Mosque in Hebron, West Bank, Palestine

Al-Jawali Mosque or Amir Sanjar al-Jawli Mosque (مسجد الجوالي) is a mosque in Hebron, Palestine, located in the southwestern corner of the Old City and part of the Ibrahimi Mosque sanctuary.

==History==
Al-Jawali Mosque was built on the orders of the Mamluk Governor of Gaza and Palestine, Sanjar al-Jawli, between 1318 and 1320 during the sultanate of an-Nasir Muhammad. Al-Jawli, for whom the mosque was named, constructed it to enlarge the prayer space to accommodate worshipers using the Ibrahimi Mosque. The mosque was built in an Aleppine architectural design. Fifteenth-century Egyptian historian al-Maqrizi noted that mosque's ceiling was made of "beautifully dressed stone."

According to English churchman Arthur Penrhyn Stanley, the mosque was built on the tomb of Judah, which was destroyed in the process.

== Architecture ==
Al-Jawali Mosque was annexed to the Ibrahimi Mosque sanctuary and is an integral part of its layout, bordering the northeastern wall of that structure's enclosure. The remaining sides of the al-Jawali Mosque are hewn from stone and the mosque is not visible from the outside. The al-Jawali and Ibrahimi mosques are attached to each other by a passageway running parallel to the latter mosque's prayer hall.
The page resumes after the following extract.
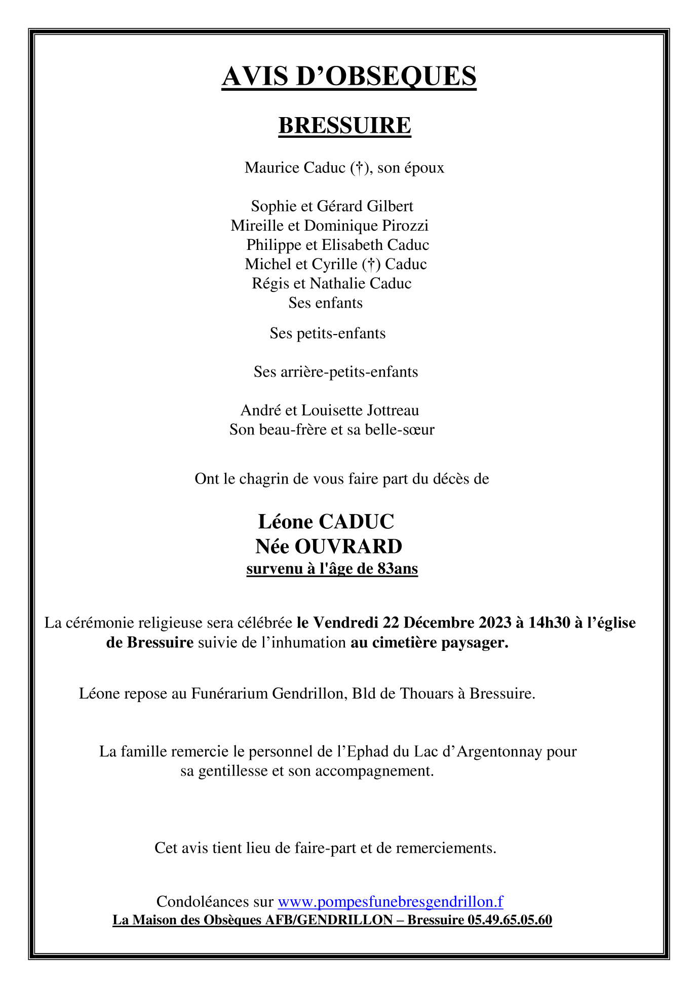 Décédée à Argentonnay (79150, France) le mardi 19 décembre 2023 à l'âge de 83 ans

The mosque consists of three arcades with intersecting vaults supported by large stone columns. Each of the arched passageways is covered by a dome. A stone dome with corners decorated by muqarnas design and mosaic windows is situated atop the middle of the prayer hall. The qibla wall's mihrab in the southeastern part of al-Jawali Mosque is carved into the rock of the mosque's walls and tiled with marble slabs decorated with tinted engravings. The mihrab also has a semi-dome which is also decorated with marble.